* **RECORDED DATA**:
[Start of Attachment]
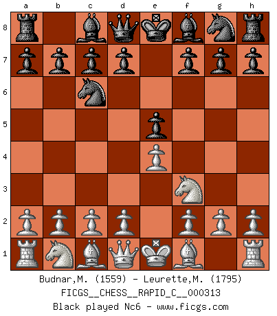 Last move : 0-1 2025 November 27 8:39:40 [Event "FICGS__CHESS__RAPID_C__000313"] [Site "FICGS"] [Date "2025.10.27"] [Round "1"] [White "Budnar,Milos"] [Black "Leurette,Marc-Antoine"] [Result "0-1"] [WhiteElo "1559"] [BlackElo "1795"] 1.e4 e5 2.Nf3 Nc6 3.Bb5 a6 4.Ba4 b5 5.Bb3 Nf6 6.d3 Be7 7.O-O d6 8.h3 Na5 9.Bd5 c6 10.Bb3 Nxb3 11.axb3 a5 12.Bg5 h6 13.Bh4 Be6 14.Nbd2 Nh5 15.Bxe7 Qxe7 16.c4 Nf4 17.Nh2 Nxd3 18.Qc2 Nf4 19.Ndf3 b4 20.c5 dxc5 21.Nxe5 Bxh3 22.Nxc6 Qd6 23.Rxa5 Rxa5 24.Nxa5 Bxg2 25.Qd1 Qg6 26.Qg4 Bxf1 27.Qxg6 Nxg6 28.Kxf1 O-O 29.f3 Rd8 30.Nc4 Nf4 31.Kf2 Rd3 32.Kg3 g5 33.Ng4 Kg7 34.Nge5 Rxb3 35.Kg4 f6 36.Nd7 Nd3 37.Kf5 Nxb2 38.Nxc5 Rxf3+ 39.Ke6 Nxc4 0-1 Follow this game move after move (download)The stomach is an essential part of the Chess master. (Bent Larsen) Kein Großmeister ist normal. Sie unterscheiden sich nur im Ausmaß Ihrer Verrücktheit. (Viktor Kortschnoi) La táctica fluye a partir de una posición superior. (Bobby Fischer) Les écrivains ont utilisé les échecs pour analyser les côtés extrêmes de la nature humaine. Dans ce cadre, les échecs offrent un champ d'expérimentation idéal. Mais on pourrait faire la même chose avec la peinture. Et là, en vous référant à Van Gogh, vous ne tirerez pas de conclusion définitive sur les peintres. (Gary Kasparov) Chess, like love, like music, has the power to make people happy. (Siegbert Tarrasch)
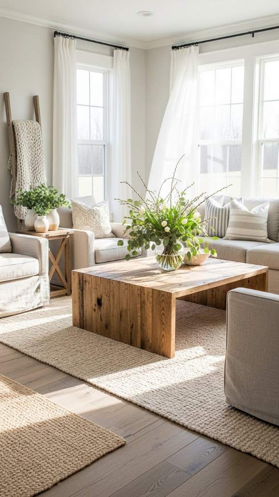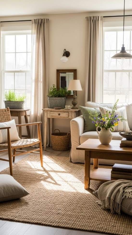 Refresh your living room by exchanging heavy drapes for light, airy curtains that allow sunlight to filter through. Sheer linen or cotton panels are perfect rustic spring decor ideas, as they evoke a breezy, relaxed look while brightening the room. Choose curtains in neutral or pastel shades to keep the design cohesive and understated. Allow curtains to puddle slightly on the floor for a laid-back, lived-in vibe that suits rustic aesthetics. This simple swap can dramatically open up your space and highlight the natural beauty of springtime.
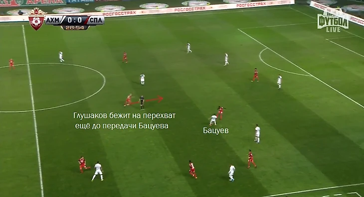 Интересно, что Денис Глушаков – лучший игрок «Спартака» по перехватам, начинающим голевые атаки (3) и контратаки в том числе (2). Часто Глушаков выполняет агрессивную роль в прессинге, резко выбрасывается в отбор. Иногда это приводит к печальным последствиям и распахивает центр поля «Спартака», если центральные защитники не страхуют высоко или проигрывают единоборство. Но когда Глушаков перехватывает мяч за центральным кругом, он сам настроен продолжить и завершить атаку. В контратаках Денис сделал 2 предголевых паса – столько же, сколько Фернандо – а в Грозном сам завершил атаку, которую начал перехватом.
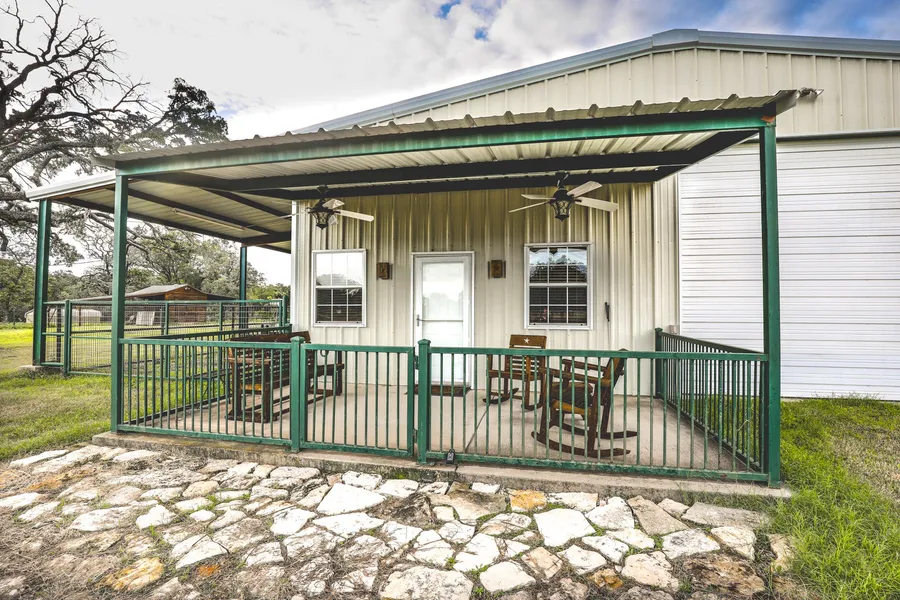 40x60 Barn with extra thick concrete slab to support heavy equipment. Living Quarters with R-30 Foam, Living room, dining, kitchen, large bedroom with two baths. Extras; One Paluxy well, another to Trinity, City sewer, Hay pens, separated pastures, live creek with pond, hybrid grasses, two small barns for equipment-shelter, pecan orchard with 13 trees and sprinkler system.
[End of Attachment]
* **TASK REQUIREMENTS**:
In the listing above, transcribe exactly the lines from the line containing "Интересно, что Денис" through the last one, both included, but not the pictures.

* **ANSWER TO THE PROBLEM**:
 Интересно, что Денис Глушаков – лучший игрок «Спартака» по перехватам, начинающим голевые атаки (3) и контратаки в том числе (2). Часто Глушаков выполняет агрессивную роль в прессинге, резко выбрасывается в отбор. Иногда это приводит к печальным последствиям и распахивает центр поля «Спартака», если центральные защитники не страхуют высоко или проигрывают единоборство. Но когда Глушаков перехватывает мяч за центральным кругом, он сам настроен продолжить и завершить атаку. В контратаках Денис сделал 2 предголевых паса – столько же, сколько Фернандо – а в Грозном сам завершил атаку, которую начал перехватом.
 40x60 Barn with extra thick concrete slab to support heavy equipment. Living Quarters with R-30 Foam, Living room, dining, kitchen, large bedroom with two baths. Extras; One Paluxy well, another to Trinity, City sewer, Hay pens, separated pastures, live creek with pond, hybrid grasses, two small barns for equipment-shelter, pecan orchard with 13 trees and sprinkler system.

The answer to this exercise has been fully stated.